# Excel: Bedingte Formatierung mit VBA



## KOBunghole (3. September 2008)

Hallo liebe Helfer! 

Ich weiß, es gibt 1000 Threads zu der mehr als 3 bedingte Formatierung-Problemstellung aber ich habe nichts zu meinem spezifischen Problem gefunden, bzw sind meine VBA Kentnisse zu gering, als dass ich die "bekannten" Lösungen für mich umwurschteln könnte  

Denn die meisten Lösungen sagen, wie man über die Case Methode Felder aufgrund ihres Inhalts formatiert. 

Ich hingegen will Felder aufgrund des Inhalts anderer Zellen formatieren: 







So soll das ganze dann mal aussehen. 

Mit der normalen bedingten Formatierung geht das super, aber eben nur bis zu 3 verschiedene Farben, über bedingte Formatierung in C2: 
=wenn(und($A2=a;(C$10-$B2)<0);0;1) => hellgrün ausfüllen 
=wenn(und($A2=b;(C$10-$B2)<0);0;1) => orange ausfüllen..... 

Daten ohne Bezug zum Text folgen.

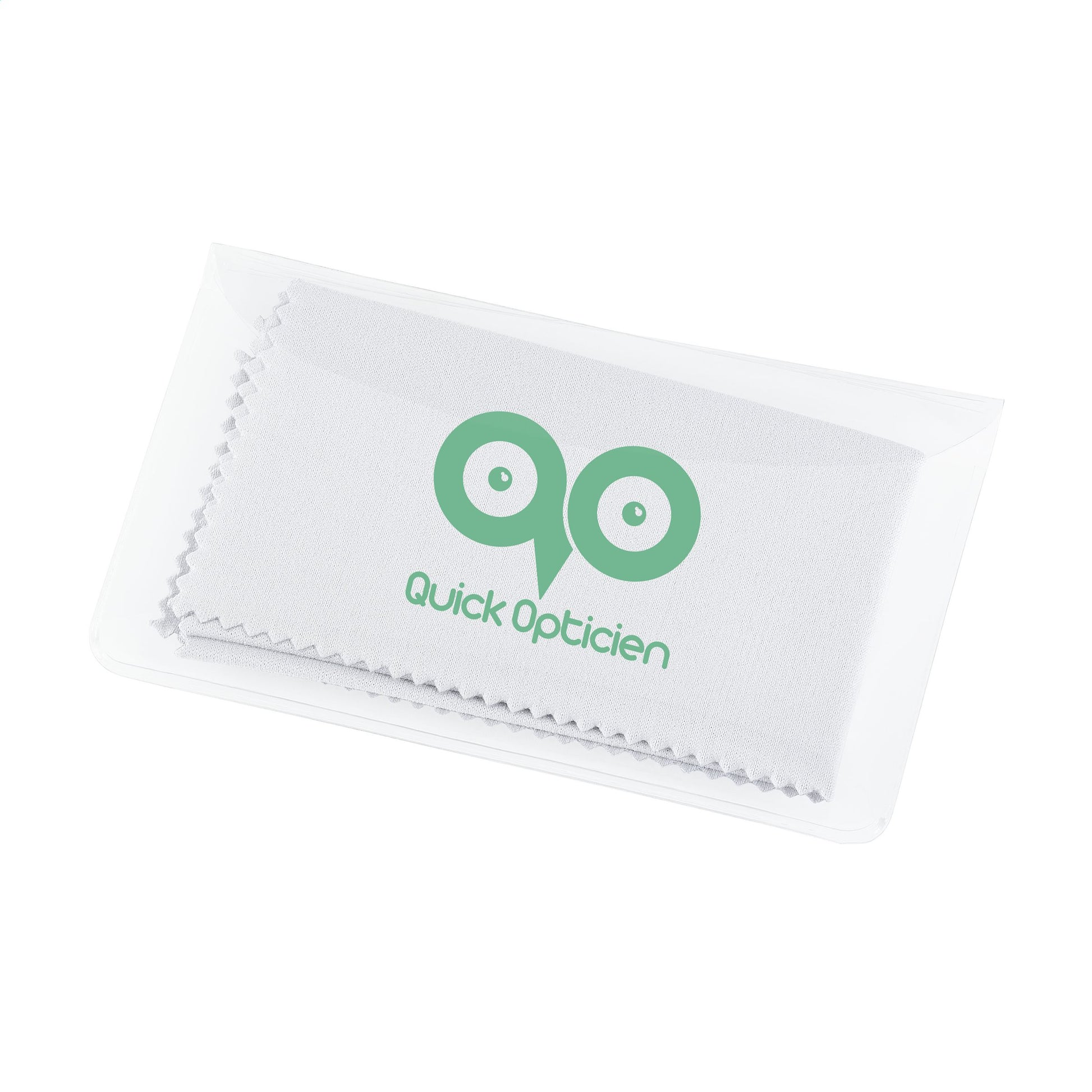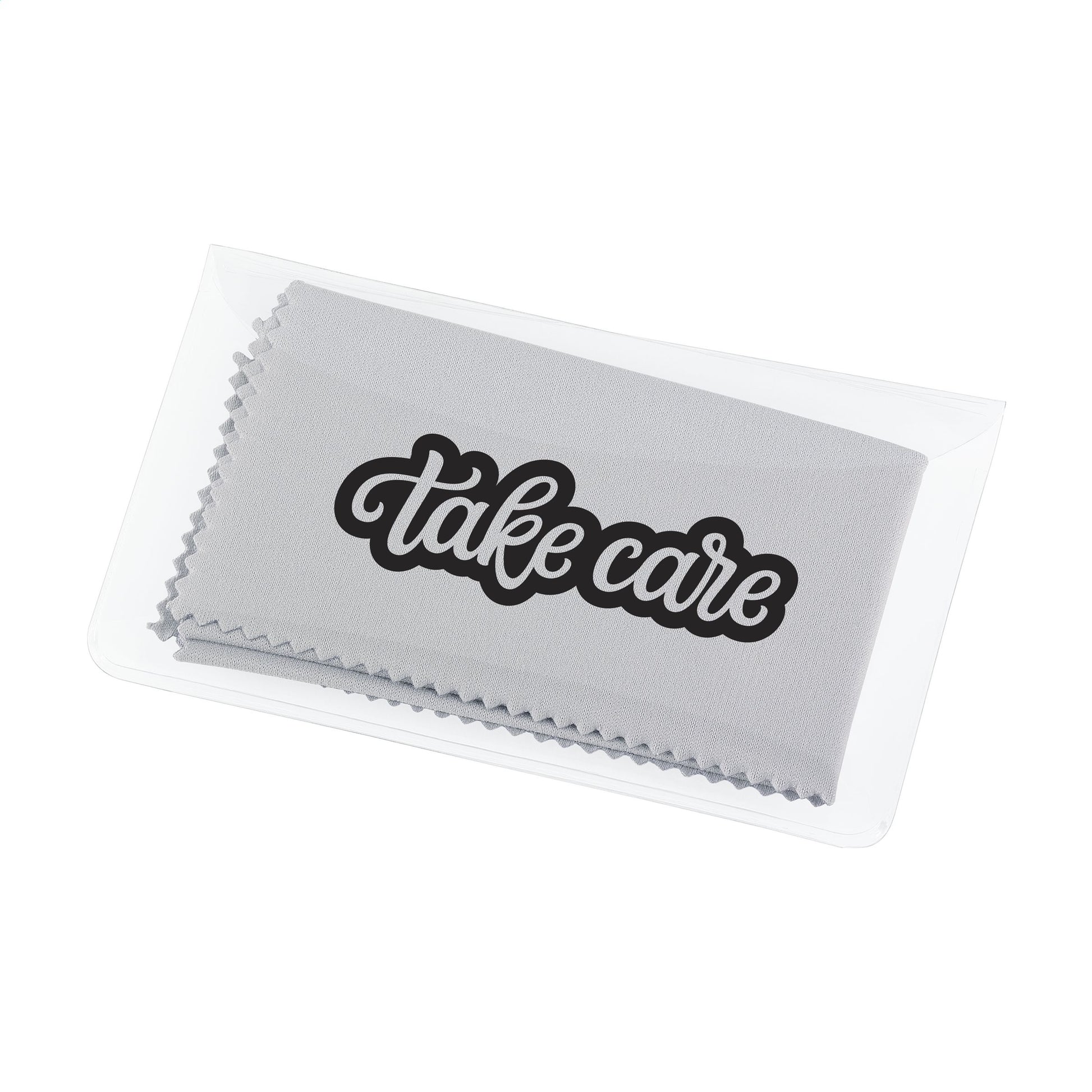Praktisches Reinigungstuch aus Mikrofaser (18 x 15 cm) in einem kompakten, transparenten Kunststoffetui. Standardaufdruck auf dem Etui.

Dann mit Fill Down und Fill Right auf die Restlichen Zellen anwenden und gut ist... 

Nur in VBA hab ich nicht den blassesten wie ich diese Funktionalität bewerkstelligen soll... :/ 

Für sämtliche Tipps und Codestücke bin ich super dankbar 

Viele Grüße 
Bunghole


----------



## Zvoni (3. September 2008)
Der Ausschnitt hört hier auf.